Incomoda-me. Incomoda-me, acima de tudo, a confiança com que ambos fazem tal afirmação. Perturba-me a segurança com que o retrato feminino que vai crescendo ao longo daquela melodia adquire uma consistência, no mínimo, plausível. Talvez não seja inquietação. Talvez seja apenas inveja. Um rancor latente pela aparente falta de sensibilidade que possuo para poder polvilhar os meus textos com personalidades femininas. De capturar a linha ténue que permite a um homem passar uma fronteira aparentemente intransponível. A de não pintar apenas um retrato da mulher. A de, em nome da arte de vender a alma rabiscada em papel, sê-la por breves instantes.
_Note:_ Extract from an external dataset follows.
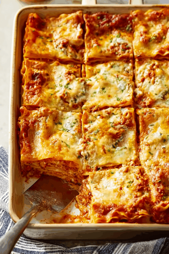 Pro Tip: Let the lasagna rest before cutting to keep the layers intact.

Mas os homens vivem reféns de um velho vício. O paternalismo. Essa chaga que subsiste como herança por milénios de imposição forçada da superioridade de um género. A ideia pré-concebida de que o que interessa às mulheres é o que nós pensamos das suas ações. A recomendação, ainda que por vezes fruto de preocupação genuína, de como agir. Que vícios corrigir. Que palavras dizer. Que carreiras seguir. Discutimos o que devem fazer com o seu corpo, como o devem (ou não) mostrar. Mas sempre da perspetiva de como nos podem agradar. Pureza. Perfeição. É o que lhes pedimos. Sem nunca considerarmos que as nossas imperfeições possam ser alvo de correção.
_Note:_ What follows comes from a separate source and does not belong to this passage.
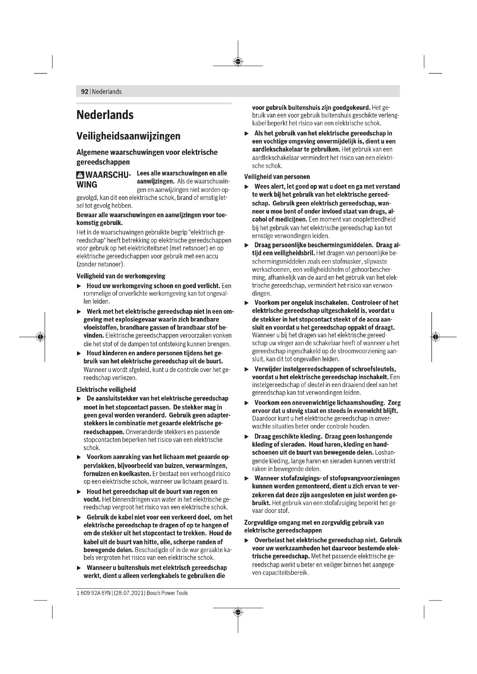 u Neem vóór alle werkzaamheden aan het elektrische gereedschap (zoals het uitvoeren van onderhoud of het wisselen van inzetgereedschappen e.d.) en vóór het vervoeren en opbergen altijd de accu uit het elek- trische gereedschap. Bij per ongeluk bedienen van de aan/uit-schakelaar bestaat gevaar voor letsel. U kunt de machinekop in stappen van 90° draaien. Daardoor kan de aan-/uit- schakelaar voor bijzondere toepassingen in een gunsti- gere bedieningspositie ge- bracht worden, bijv. voor linkshandigen. Draai de 4 schroeven er he- lemaal uit. Draai de machi- nekop voorzichtig en zonder deze van de behuizing te ne- men in de nieuwe positie. Draai de 4 schroeven weer vast. Afzuiging van stof en spanen Stof van materialen zoals loodhoudende verf, enkele hout- soorten, mineralen en metaal kunnen schadelijk voor de ge- zondheid zijn. Aanraking of inademing van stof kan leiden tot allergische reacties en/of ziekten van de luchtwegen van de gebruiker of personen die zich in de omgeving bevinden. Bepaalde soorten stof, bijvoorbeeld van eiken- en beuken- hout, gelden als kankerverwekkend, in het bijzonder in com- binatie met toevoegingsstoffen voor houtbehandeling (chro- maat en houtbeschermingsmiddelen). Asbesthoudend ma- teriaal mag alleen door bepaalde vakmensen worden be- werkt. – Zorg voor een goede ventilatie van de werkplek. – Er wordt geadviseerd om een stofmasker met filterklasse P2 te dragen. Neem de in uw land geldende voorschriften voor de te be- werken materialen in acht. u Vermijd ophoping van stof op de werkplek. Stof kan gemakkelijk ontbranden. Gebruik Ingebruikname Accu plaatsen Schuif de opgeladen accu (8) vanaf de voorkant in de voet van het elektrische gereedschap tot de accu veilig vergren- deld is. In- en uitschakelen Schuif voor de ingebruikname van het elektrische gereed- schap de aan/uit-schakelaar (6) naar voren. Voor het vastzetten van de aan/uit-schakelaar (6) duwt u de aan/uit-schakelaar (6) aan de voorkant omlaag tot deze vast- klikt. Om het elektrische gereedschap uit te schakelen laat u de aan/uit-schakelaar (6) los of wanneer deze vergrendeld is, 1 609 92A 6YN | (28.07.2021) Bosch Power ToolsNederlands | 103 duwt u de aan/uit-schakelaar (6) kort achter omlaag en laat deze dan los. u Controleer de slijpgereedschappen vóór gebruik. Het slijpgereedschap moet correct gemonteerd zijn en vrij kunnen draaien. Laat dit ten minste 1 minuut zonder belasting proefdraaien. Gebruik geen beschadigde, onronde of trillende slijpgereedschappen. Beschadig- de slijpgereedschappen kunnen barsten en verwondingen veroorzaken. Terugslaguitschakeling Bij een plotselinge terugslag van het elektri- sche gereedschap, bijv. blokkeren bij doorslij- pen, wordt de stroomtoevoer naar de motor elektronisch onderbroken. Daarbij knippert de LED-werklamp (4) wit en de aanduiding Status (32) rood. Voor de hernieuwde ingebruikname zet u de aan/uit-schake- laar (6) in de uitgeschakelde stand en schakelt u het gereed- schap opnieuw in. Nulspanningsbeveiliging De nulspanningsbeveiliging voorkomt ongecontroleerd star- ten van het elektrische gereedschap na een onderbreking van de stroomtoevoer. Bij geactiveerde nulspanningsbeveiliging knippert de aandui- ding Status (32) rood. Voor de hernieuwde ingebruikname zet u de aan/uit-scha- kelaar (6) in de uitgeschakelde stand en schakelt u het elek- trische gereedschap opnieuw in. Valuitschakeling De geïntegreerde valuitschakeling schakelt het elektrische gereedschap uit, zodra het na een val op de bodem terecht- komt. Daarbij knippert de aanduiding Status (32) rood. Voor de hernieuwde ingebruikname zet u de aan/uit-schakelaar (6) in de uitgeschakelde stand en schakelt u het elektrische gereedschap opnieuw in. Gebruikersinterface (zie afbeelding B) De gebruikersinterface (5) dient voor het instellen van het toerental en voor het aanduiden van de toestand van het elektrische gereedschap. Toerentalinstelling

Haverá poucas personagens femininas, pelo menos entre as pintadas por homens, que sejam imunes a esta tendência. Algumas das minhas preferidas escondem-se num universo obscuro que começou a tomar forma há meio século. Uma existência repleta de quimeras, bestas e demónios. Intoxicado etilicamente e assombrado pela luta entre a liberdade e o vício, onde o Amor resiste num Bairro. É em seis versos que o pianista errante, arrastando a voz pelos pecados capitais, nos narra uma tragédia. O suicídio de uma mulher, que as más-línguas davam como culpada de tanto, apesar de a negarem conhecer. Não importa quem é, de facto. Importa o que simboliza. De Palma não notamos um julgamento. Apenas melancolia.
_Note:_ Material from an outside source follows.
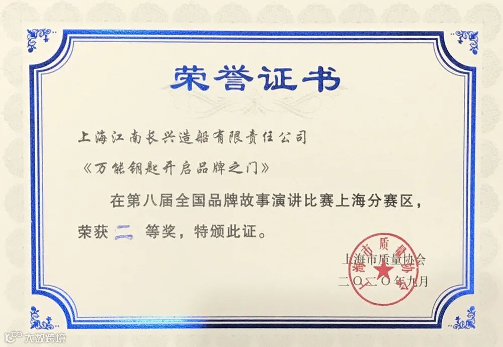 9月3日,第八届全国品牌故事大赛(上海赛区)暨2020年上海市质量品牌故事比赛隆重举行,中国船舶集团旗下沪东中华是上海船舶行业唯一入围决赛的船企。总装三部《建造优质舰船 铸就中国品牌》、总装四部《万能钥匙开启品牌之门》讲稿入围现场演讲,并双双斩获演讲比赛二等奖的好成绩,为公司“质量月”的开展开好局起好步。

As mulheres do universo de Jorge Palma não são dele. São entidades que pertencem a si mesmas, que transcendem o papel ou a partitura que lhes serviu de incubadora. São seres que nada devem ao seu Criador, porque a sua existência não é uma dádiva. É uma condição, uma maldição. Nascemos sombras, com medo do mundo. Mas ele está lá fora, à espera de ser aproveitado. Devorado. E essa é a essência da nossa malograda benção. As mulheres de Palma poderão desejá-lo. Poderão procurar agradar-lhe. Mas por vontade própria. Porque não abdicam do único egoísmo respeitável. O amor-próprio.

Culpamos Eva pela única decisão racional tomada no Jardim do Éden. A de não ficarmos reféns da ignorância. Acusamo-la de nos ter dado a provar a semente do Mal. Mas, quando confrontados pelo medo incapacitante causado pelo Mal supremo, é numa mulher que encontramos o último reduto contra as suas garras. Desde pequenos que choramos por ela. Onde estás tu, mamã, para nos libertares dos terrores da Canção de Lisboa?

Não haverá braços de mulher suficientes para embalar o mundo. Nem terá de ser essa a sua função. Não escutem os lamentos dos homens. A vida rouba-nos alguns sonhos, mas não todos. Quem perdeu terá mais mãos para jogar. Larguem a inocência que vos forçamos a assumir. O mundo espera-vos. Cheio de tudo.